GIVEN MATERIAL:

• • • • • • •

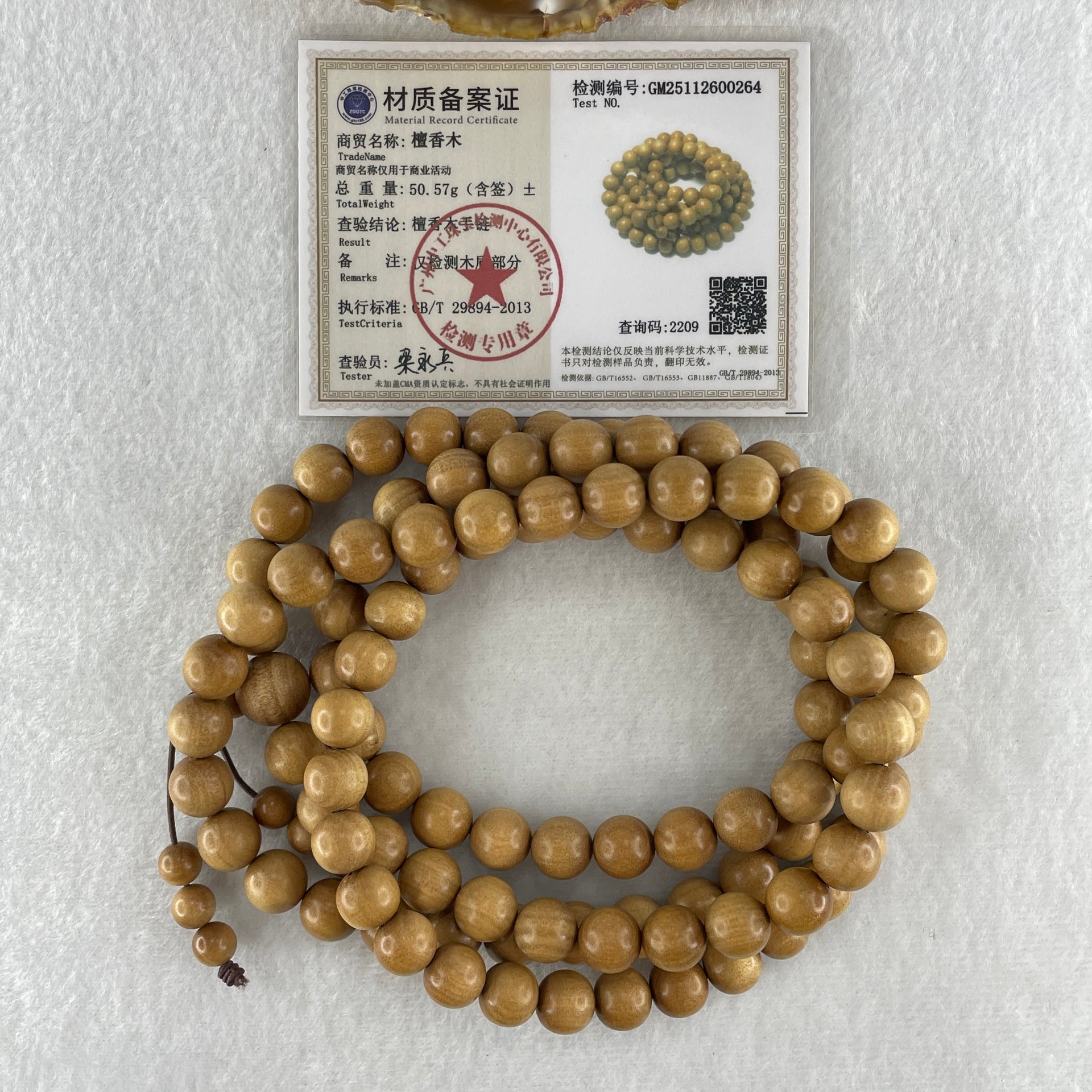 Certified Natural India Old Tree Sandalwood Beads Necklace 50.57g 106cm 10.2mm 108 Beads
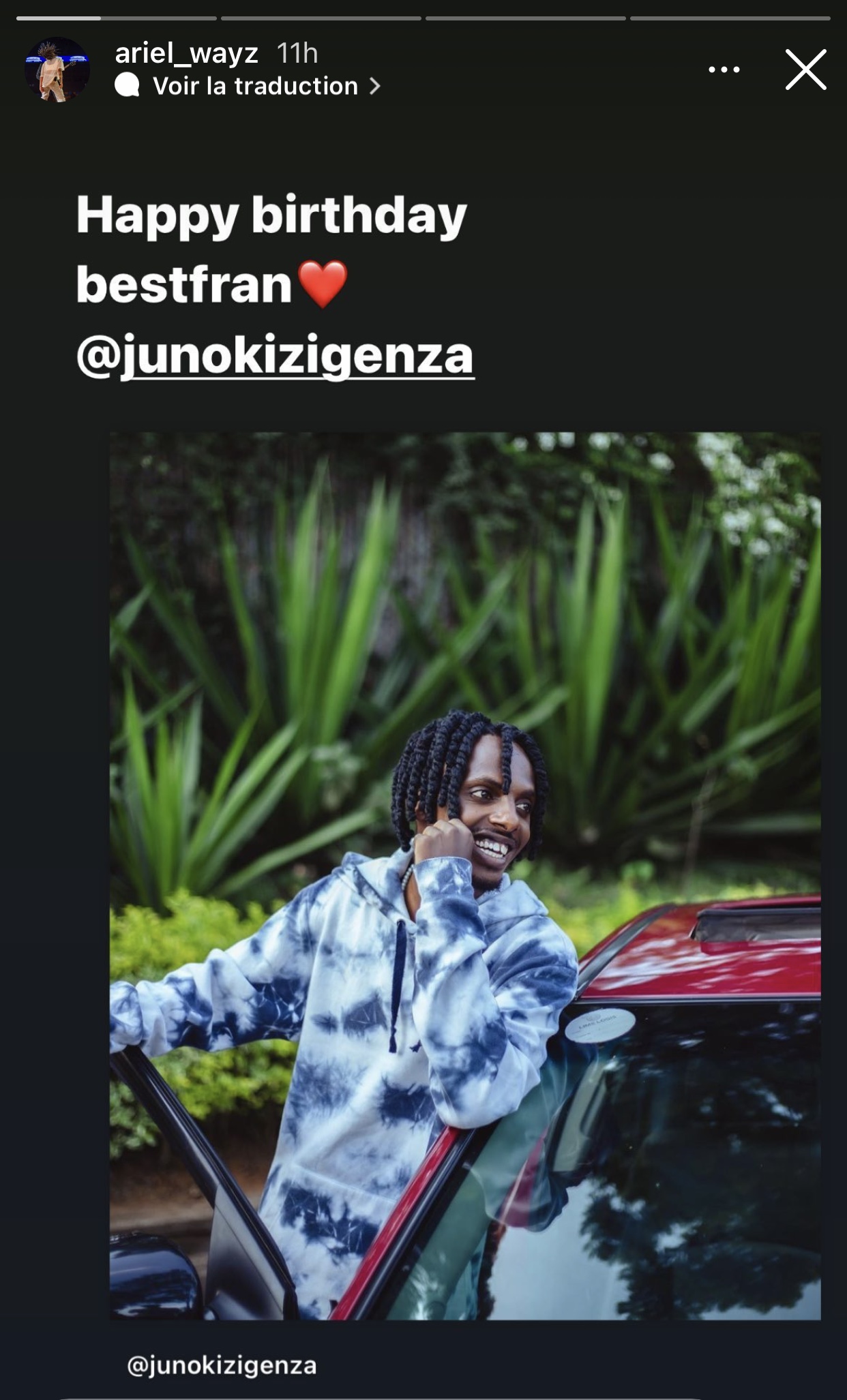 Ariel Wayz, umwe mu nshuti za hafi za Juno Kizigenza, abinyujije kuri story ya instagram ye yanditse amagambo agira ati « Happy birthday bestfran❤️ @junokizigenza ».
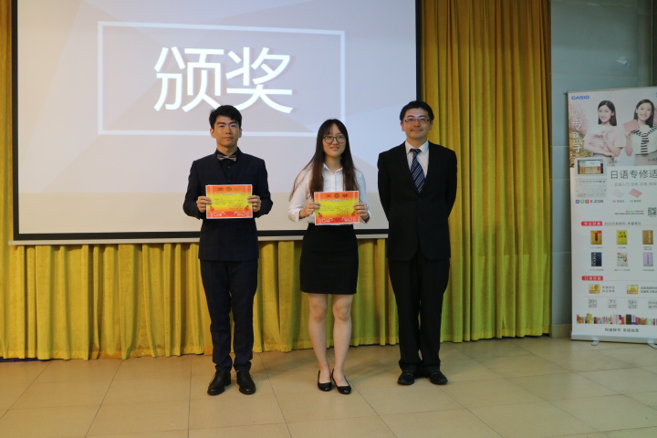 黄畅(中)在卡西欧日语演讲比赛中获奖
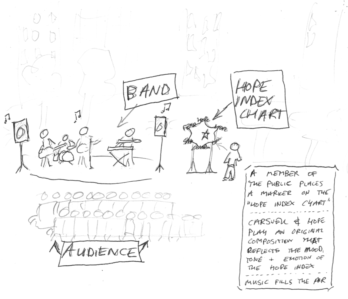 The concept: members of the public will be invited to listen and to chart the music of Carswell & Hope on a unique art matrix, dubbed the “Hope Index”, while the band performs original works.

• • • • • • •

ACTIVITY:
The answer should consist of every line above, exact and free of images.

FINISHED EXERCISE:
 Certified Natural India Old Tree Sandalwood Beads Necklace 50.57g 106cm 10.2mm 108 Beads
 Ariel Wayz, umwe mu nshuti za hafi za Juno Kizigenza, abinyujije kuri story ya instagram ye yanditse amagambo agira ati « Happy birthday bestfran❤️ @junokizigenza ».
 黄畅(中)在卡西欧日语演讲比赛中获奖
 The concept: members of the public will be invited to listen and to chart the music of Carswell & Hope on a unique art matrix, dubbed the “Hope Index”, while the band performs original works.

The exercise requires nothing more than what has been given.